1999 USAMO Problems/Problem 4

Problem

Let $a_{1}, a_{2}, \dots, a_{n}$ ( $n > 3$ ) be real numbers such that $a_{1} + a_{2} + \cdots + a_{n} \geq n \qquad \mbox{and} \qquad a_{1}^{2} + a_{2}^{2} + \cdots + a_{n}^{2} \geq n^{2}.$ Prove that $\max(a_{1}, a_{2}, \dots, a_{n}) \geq 2$ .

Solution

First, suppose all the $a_i$ are positive.

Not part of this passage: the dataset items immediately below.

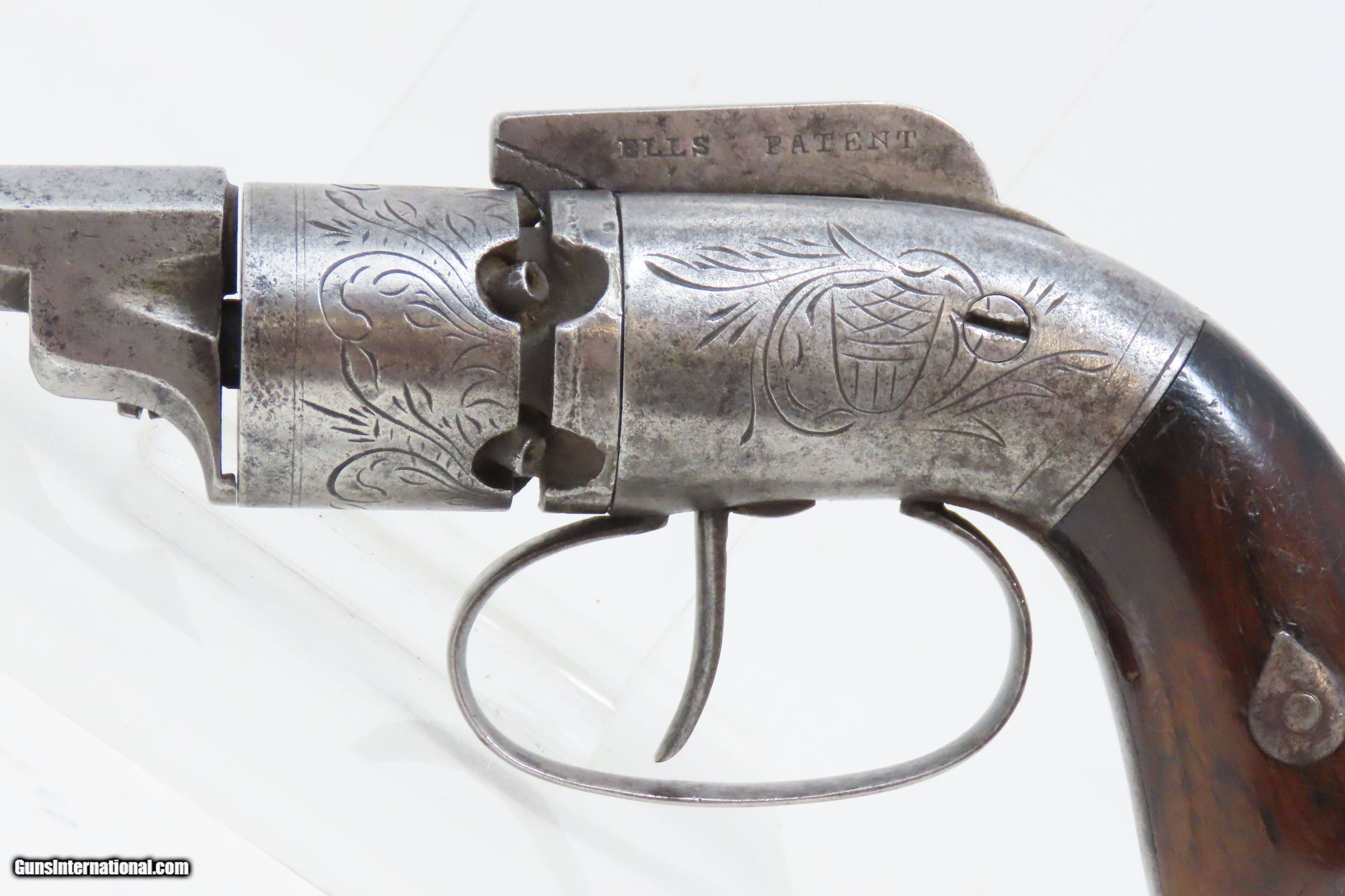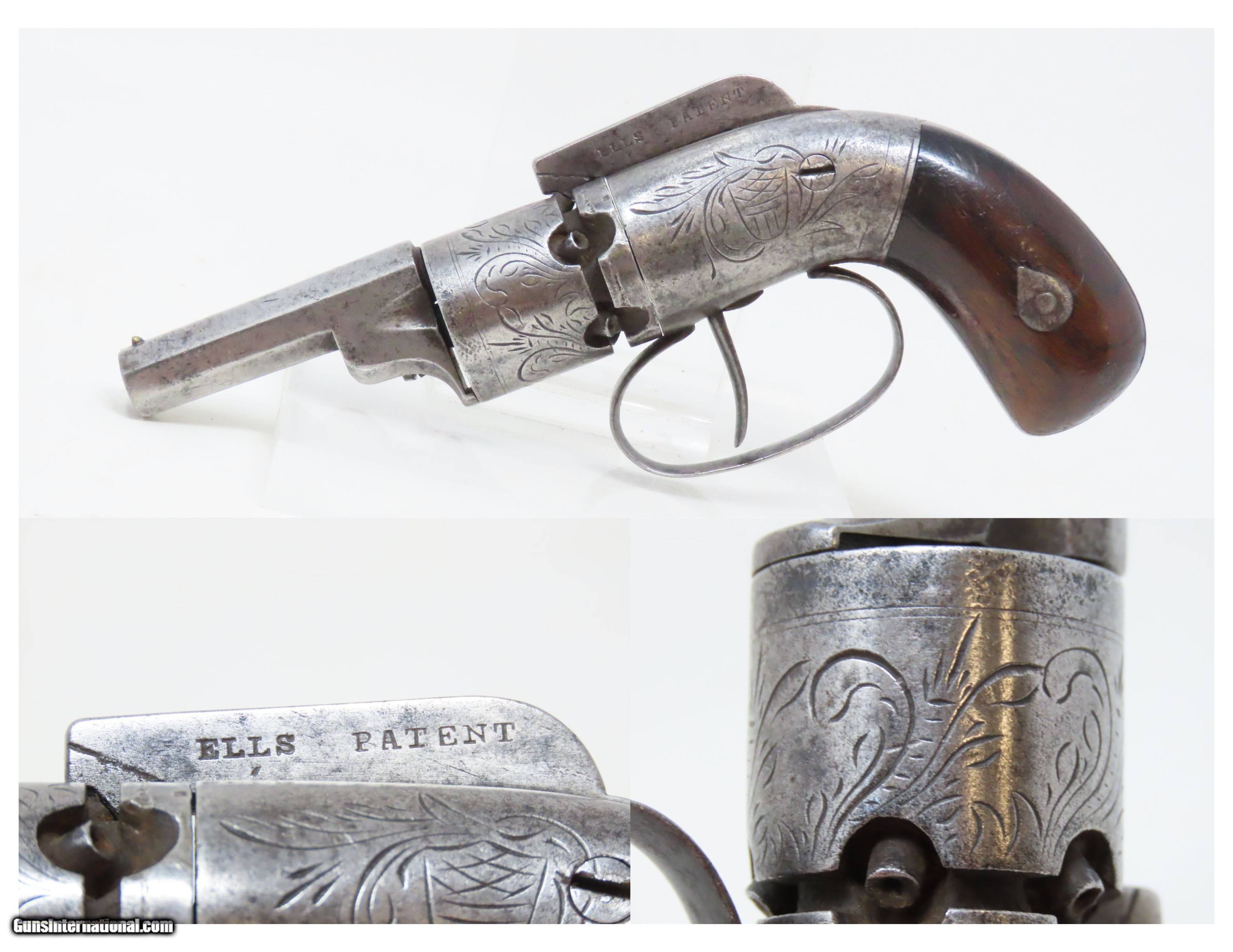 SCARCE 1 of 625 Antique JOSIAH ELLS Bar Hammer .31 Perc. Revolver CIVIL WAR RARE FIRST MODEL Engraved Antebellum Revolver
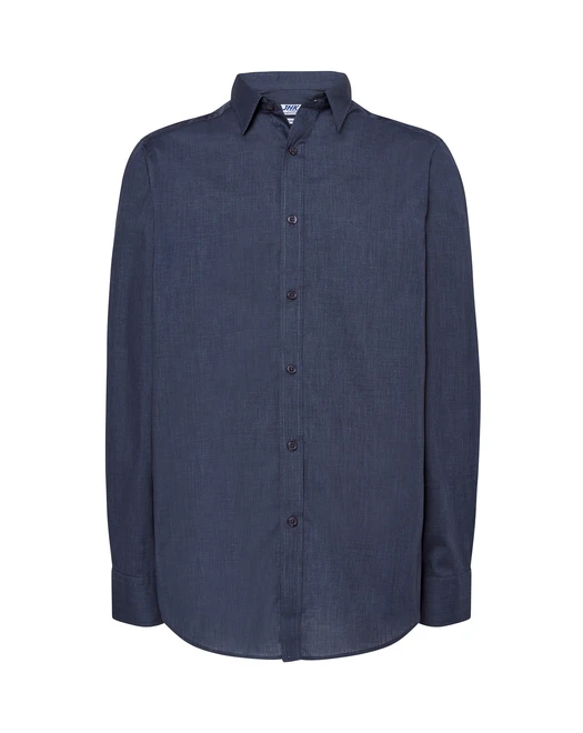 Hemd mit Jeans-Effekt-Stoff. Kragen ohne Knöpfe. Ohne Fronttasche.
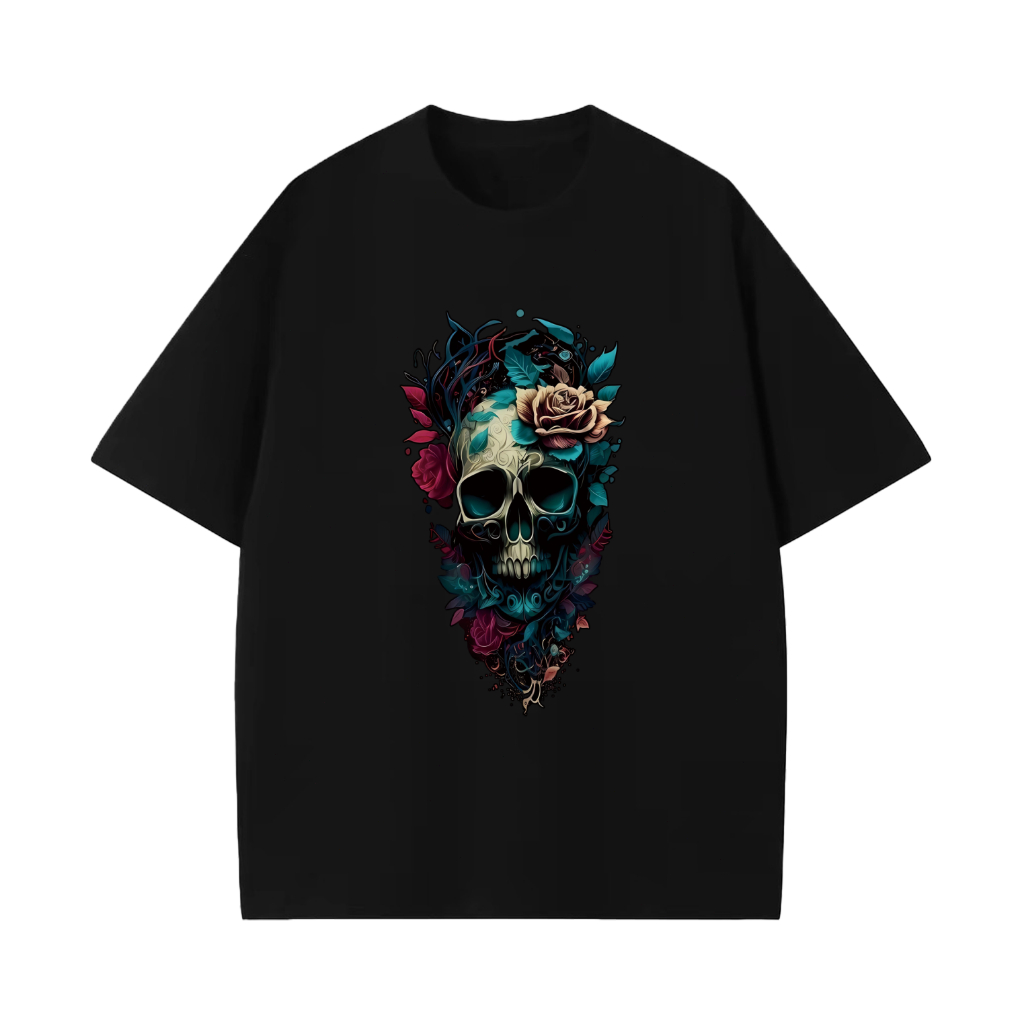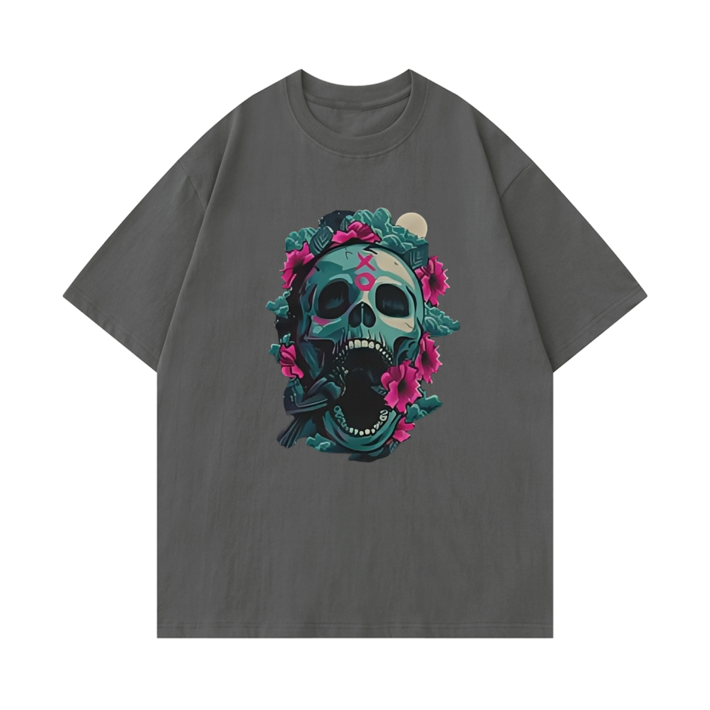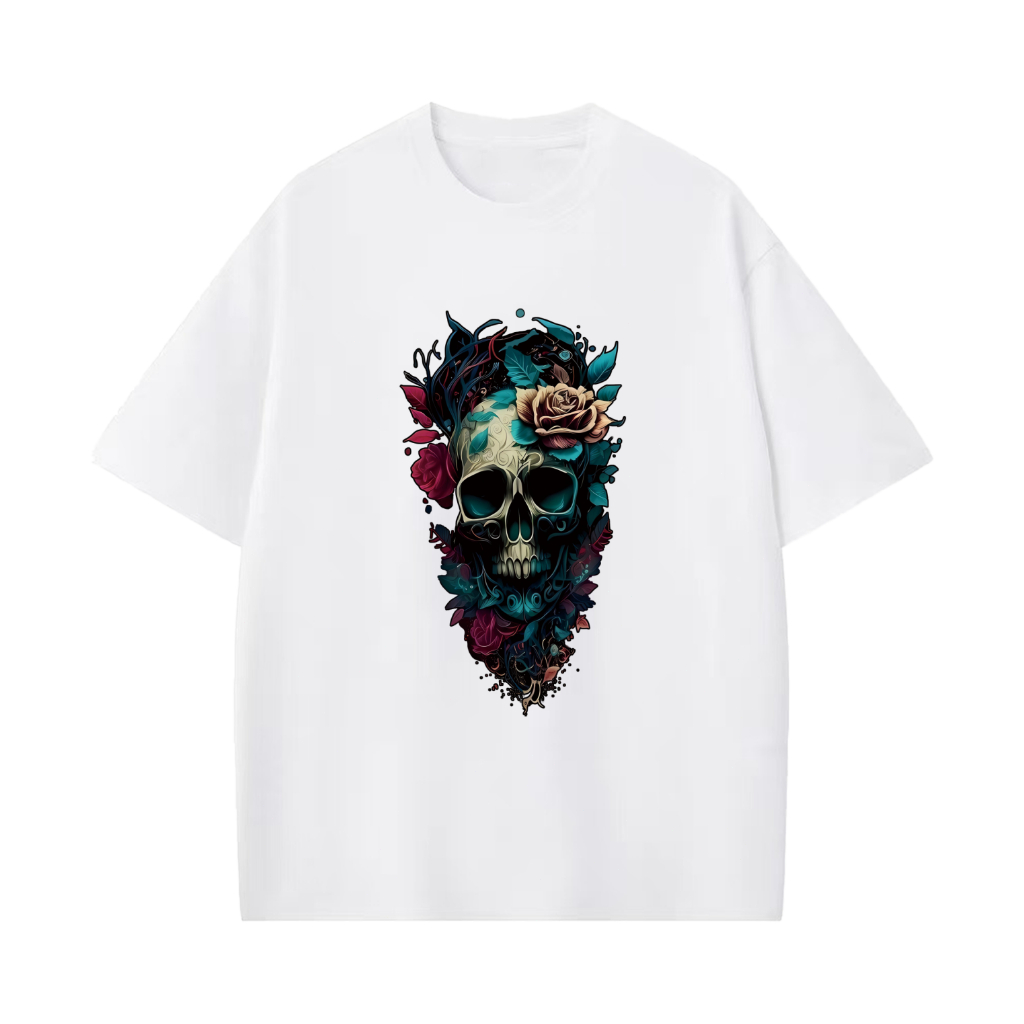 [Camiseta Premium em Algodão Puro]SISI Camiseta Algodão Premium Crânio Manga Curta
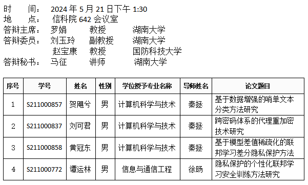 葫芦娃 (安全系)2024年5月21日硕士答辩公告
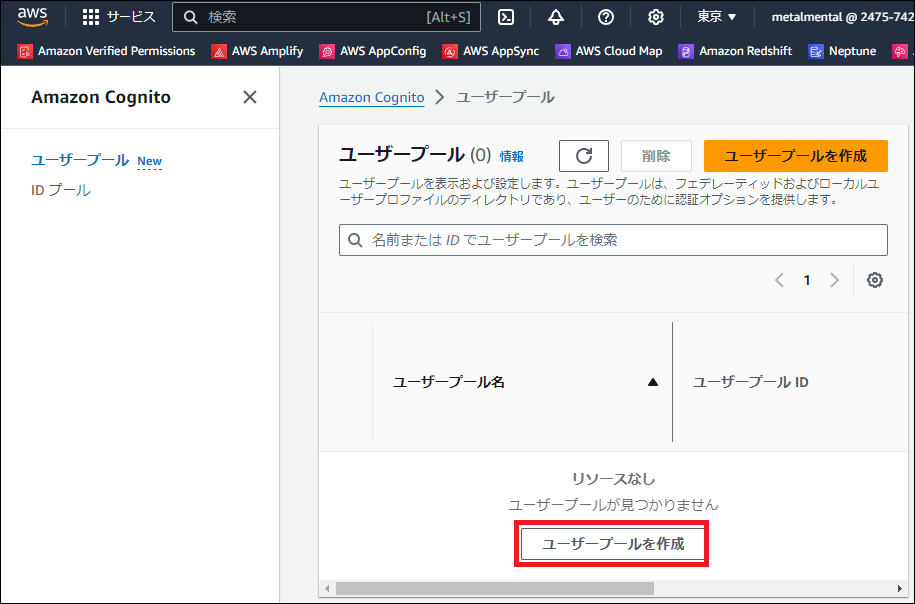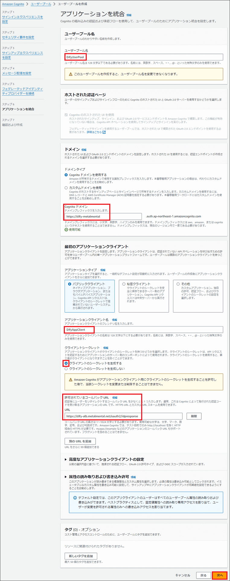 次に、認証基盤となるCognitoユーザープールを作成し、ALBと連携させます。
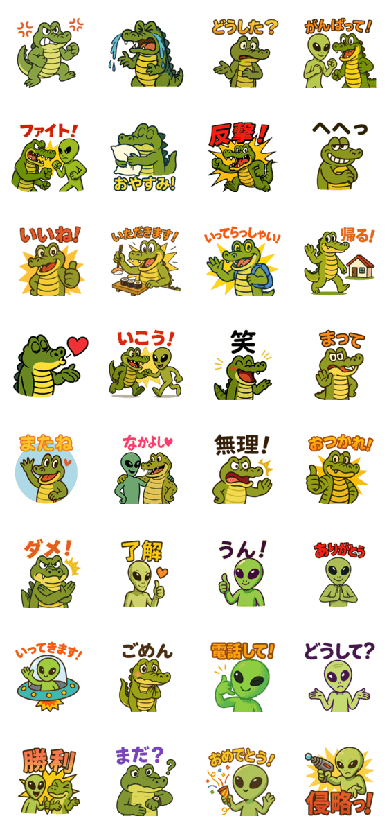 | スタンプ説明 | レトロSF風の宇宙人とワニのスタンプセットです。 表情やリアクションに使いやすいスタンプが揃っています。 Retro sci-fi alien vs alligator sticker set. |
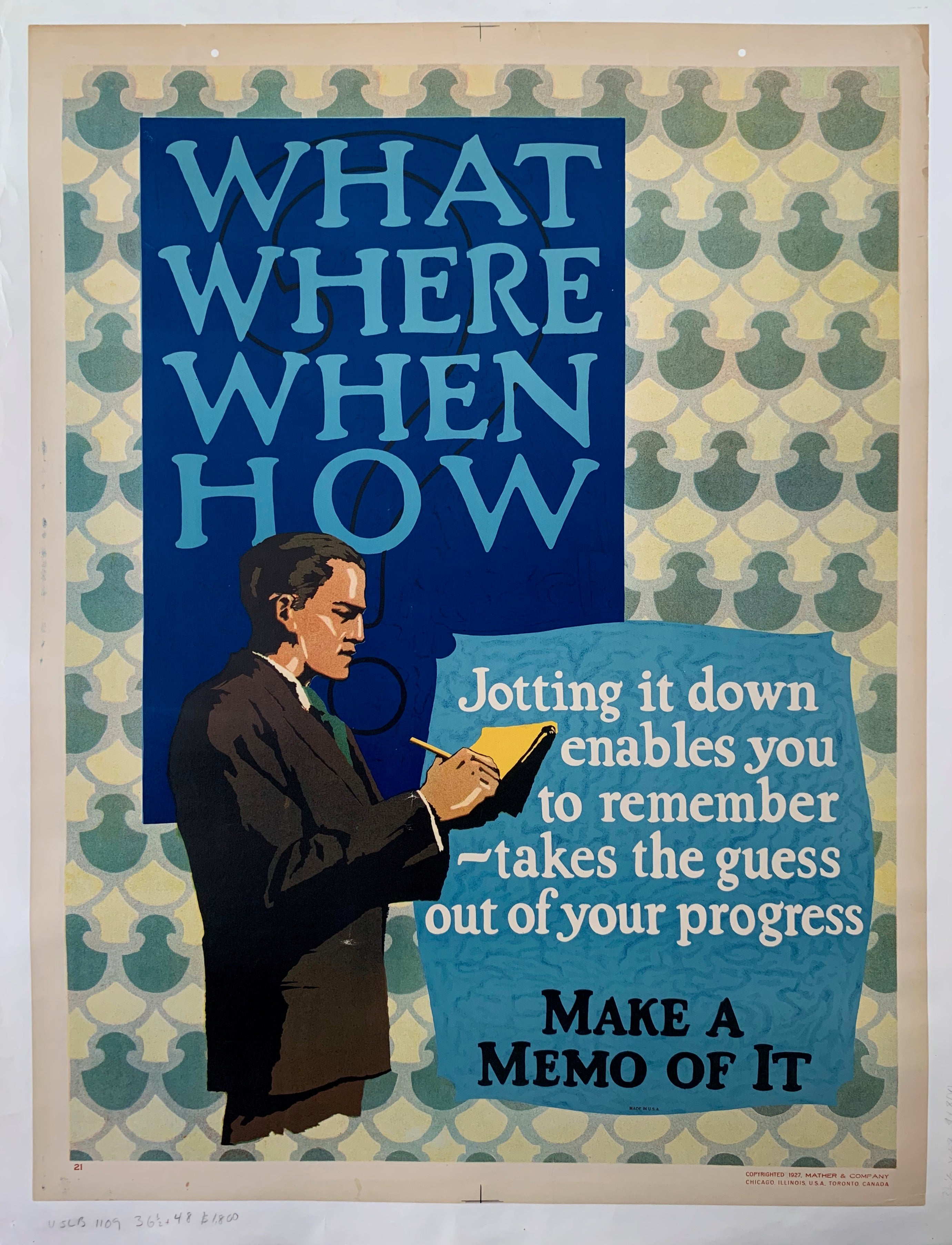 1000-2500 america labour Mather memory notes Original size-36-5x48 united states us USA vintage poster vintage posters work ethic

Then $\max(a_1, \dotsc, a_n) \ge \sqrt{\frac{a_1^2 + \dotsb + a_n^2}{n}} \ge \sqrt{n} \ge 2 .$ Suppose, on the other hand, that without loss of generality, $a_1 \ge a_2 \ge \dotsb \ge a_k \ge 0 > a_{k+1} \ge \dotsb \ge a_n,$ with $1\le k <n$ . If $a_1 >2$ we are done, so suppose that $a_1 \le2$ . Then $\sum_{i=1}^k a_i \le 2k$ , so $\sum_{i=k+1}^n -a_i \le 2k-n .$ Since $-a_i$ is a positive real for all $k+1 \le i \le n$ , it follows that

\[\sum_{i=k+1}^n a_i^2 \le \left( \sum_{i=k+1}^n} -a_i \right)^2 \le (2k-n)^2 .\] (Error compiling LaTeX. Unknown error_msg)

Then $\begin{align*} \max(a_1, \dotsc, a_n)^2 &\ge \sum_{i=1}^k a_i^2 /k \\ &\ge \left( n^2 - \sum_{i=k+1}^n a_i^2 \right)/k \\ &\ge \frac{n^2 - (2k-n)^2}{k} = 4(n-k). \end{align*}$ Since $k<n$ , $4(n-k) > 4$ . It follows that $\max(a_1, \dotsc, a_n) \ge \sqrt{4} = 2$ , as desired. $\blacksquare$

Alternate solutions are always welcome. If you have a different, elegant solution to this problem, please add it to this page.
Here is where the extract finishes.